Елизавета Милехина
Крестьянка
Вот уже два дня, как стояла необыкновенно солнечная погода. Как раз наступили февральские морозы: сильные ветра, стужа и яркое солнце. Говорят, что ночью темнее всего становится перед рассветом, так и в последний месяц зимы – самые холодные дни в преддверии приближающейся весны.
Несмотря на такую погоду, в деревне народу не убавилось. С самого утра местная детвора бегала от двора ко двору, увлекая за собой всех собак в округе, которые гонялись за ними повсюду, визгливо и звонко лая. У мужиков всегда было полно работы по дому: что починить, а что заново построить. Бабы то и дело суетились во дворе, ведь хозяйственные хлопоты – они и в лютый мороз хлопоты. Раза два-три в день проезжали небольшие повозки, и лишь к вечеру единственная деревенская улица становилась пустой и безлюдной.
Солнце находилось уже совсем близко к горизонту, когда молодая крестьянка, тщетно кутаясь в темно-серый платок и кое-где продырявившуюся шаль, поспешно вышла из дома. Деревянный дом, одноэтажный и покосившийся, стоял в самом конце деревни, на краю густого хвойного леса.
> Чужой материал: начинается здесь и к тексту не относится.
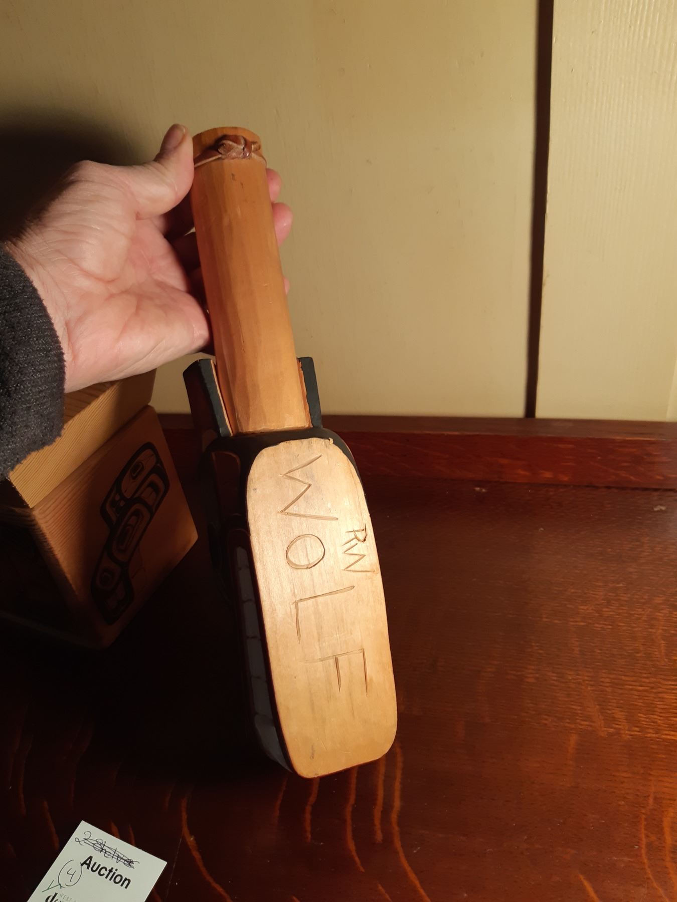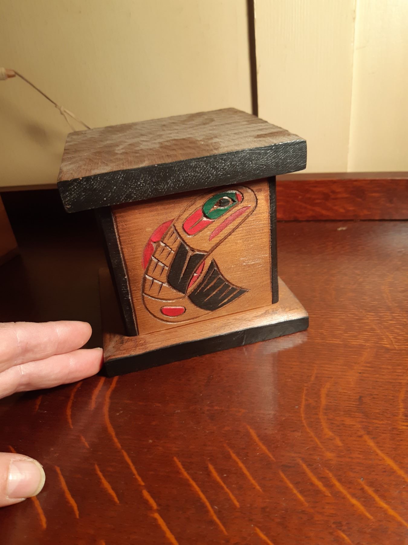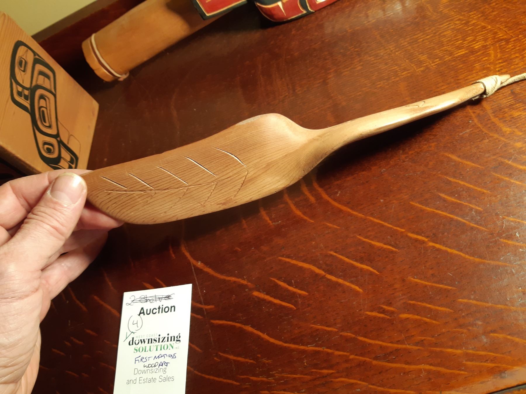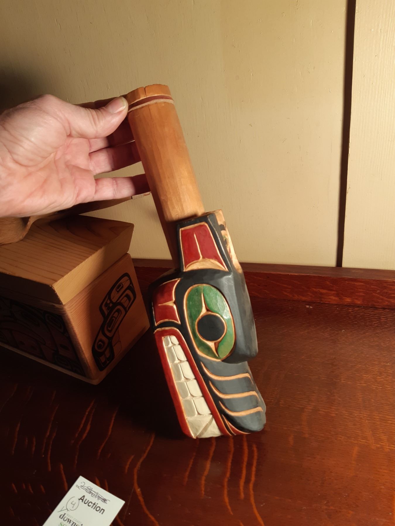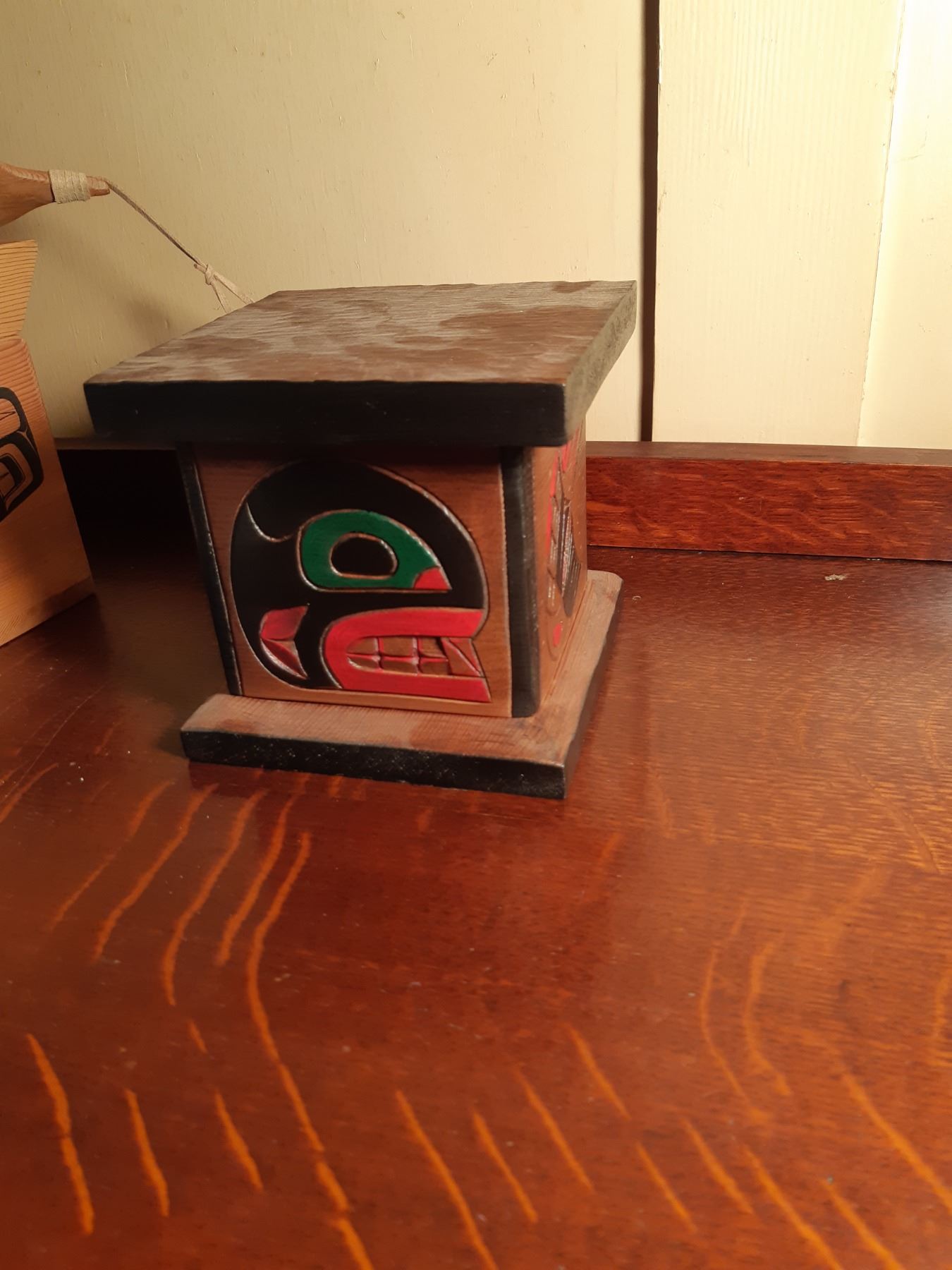 Rattle, 2 Carved lidded containers. Pickup at 9 am

За этим домом виднелись лишь высокие ели, беспросветная тьма между которыми сгущалась с каждой минутой наступающего вечера.
Подбирая свои юбки, крестьянка вышла со двора, заперев за собой калитку, и направилась вперед по широкой улице, торопясь и застревая в снегу. Ей было не больше двадцати двух-трех лет, но выглядела она намного старше. Видимо, тернистая жизнь оставила на лице ее неизгладимый отпечаток в виде маленьких морщинок. Непосильный груз перенесенных ею страданий словно лежал на ее круглых плечах, и она, вся сгорбленная, несла его смиренно, не смея сбросить.
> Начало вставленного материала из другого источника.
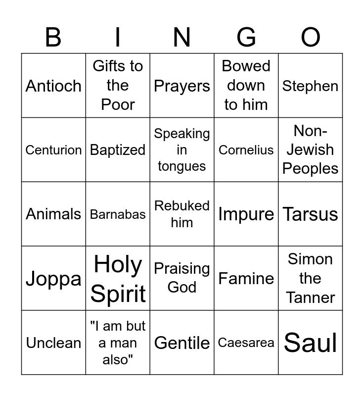 This bingo card has a free space and 28 words: Simon the Tanner, Simon Peter, Cornelius, Caesarea, Centurion, Prayers, Gifts to the Poor, Joppa, Impure, Unclean, Animals, Bowed down to him, "I am but a man also", Gentile, Non-Jewish Peoples, Jesus of Nazareth, Holy Spirit, Baptized, Speaking in tongues, Praising God, Antioch, Christians, Saul, Barnabas, Tarsus, Famine, Stephen and Send help to brothers in Judea.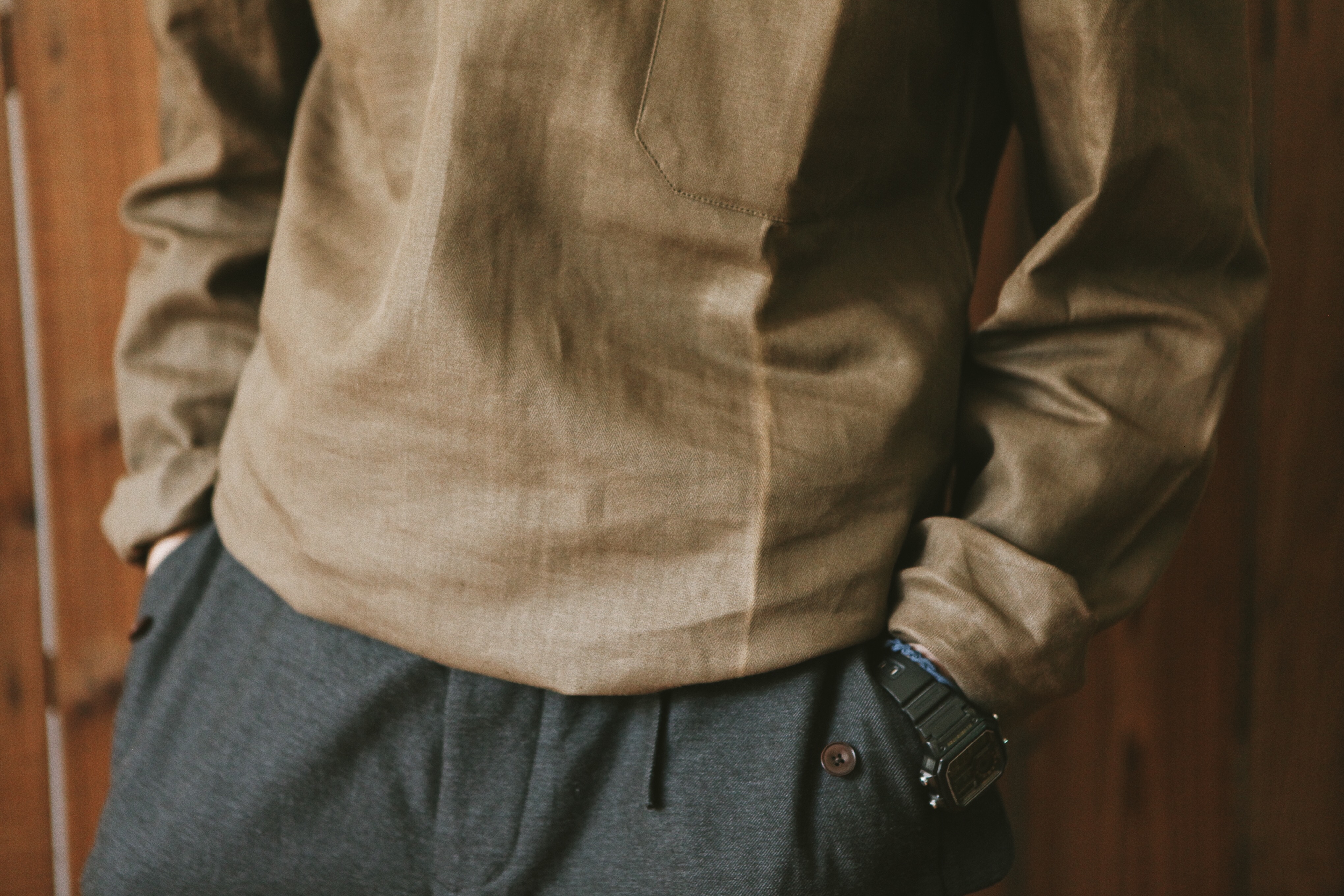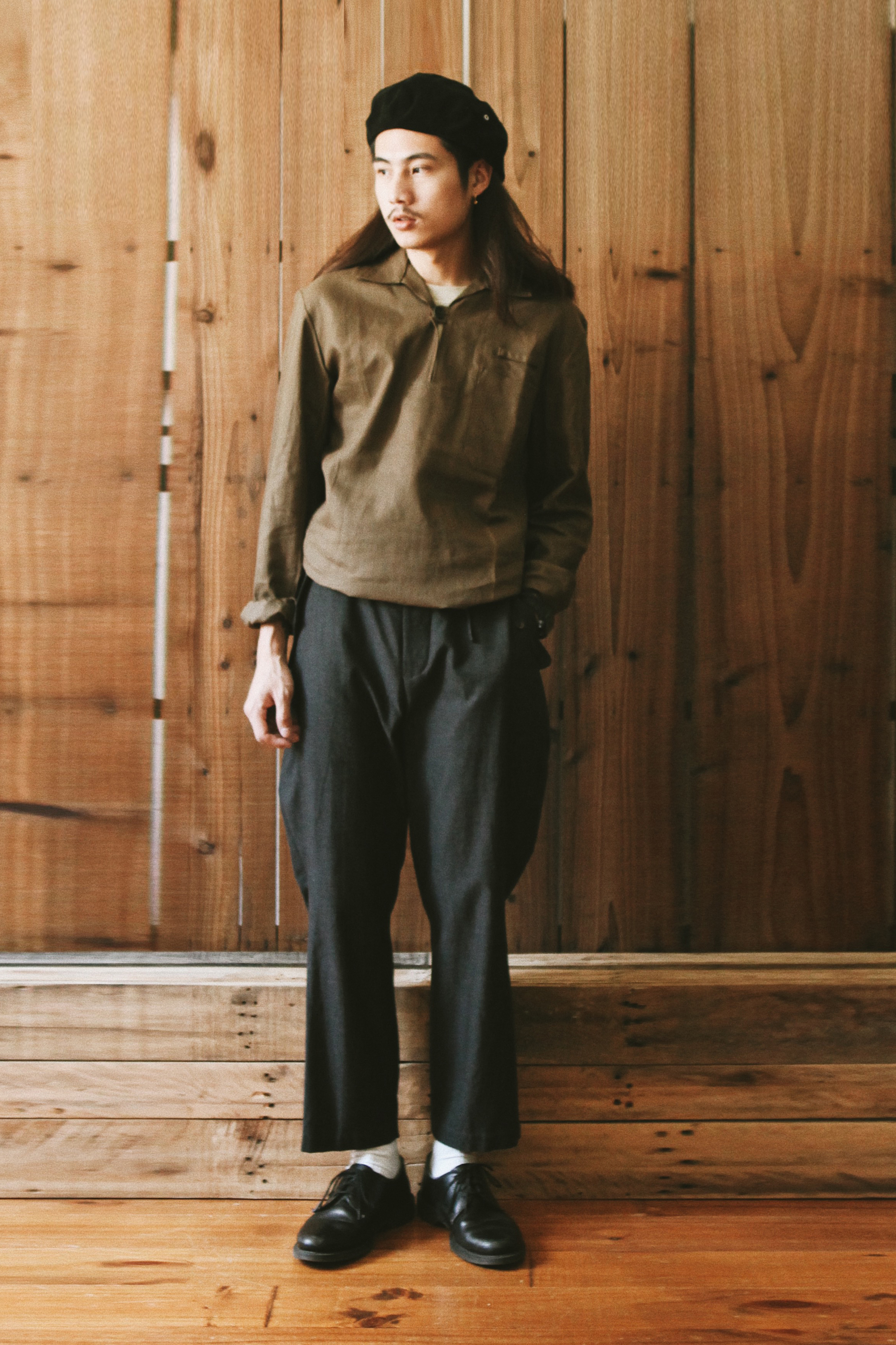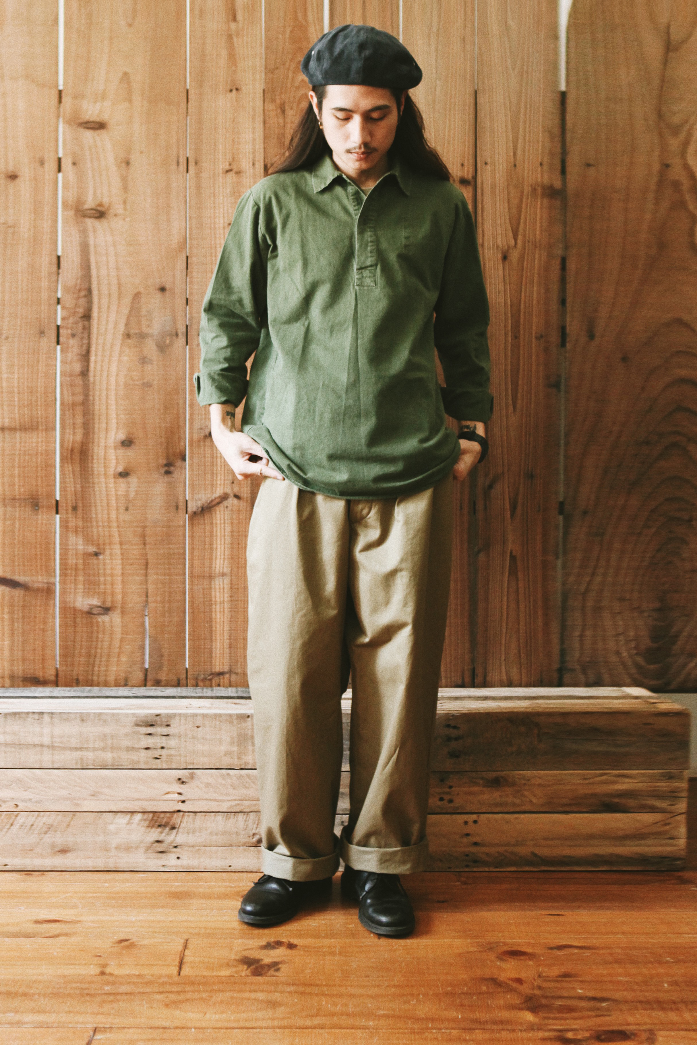 捷克軍用套頭上衣,布料具有相當挺度、胸前具單邊口袋,輕薄HBT布料適合春、秋換季穿著。寬身版型,袖口縮口設計防止寒風灌入,它不像瑞典pullover那樣休閒,帶點工裝的粗獷感,方便耐穿的設計,一週能穿上好幾回。

Шла она быстро, насколько это было возможно, пряча лицо от сильного ветра, который покалывал щеки, растрепывал ее выбиравшиеся из-под платка тонкие черные волосы и который норовил пробраться под самую кожу, будто хотел покрыть льдом все кости. Но миновав несколько домов, она остановилась, увидев свою давнюю знакомую Алену. Та шла, медленно передвигая свои толстые ноги, так же закутавшись в несколько шалей, неся на плече большое коромысло. Алена была женщина уже взрослая, да боевая. Улыбка никогда не сходила с ее лица, и все в деревне знали и любили ее за это.
– Ну спасибо! – воскликнула Дарья (а именно так звали нашу крестьянку), устало всплеснув руками.
– Да не пустые они, не переживай, – усмехнулась Алена, и поставила два почти полных ведра прямо в снег. Она оглядела соседку с головы до ног и улыбнулась своей широкой доброй улыбкой. – А ты куда это, Дашка, собралась на ночь глядя? Еще и при параде?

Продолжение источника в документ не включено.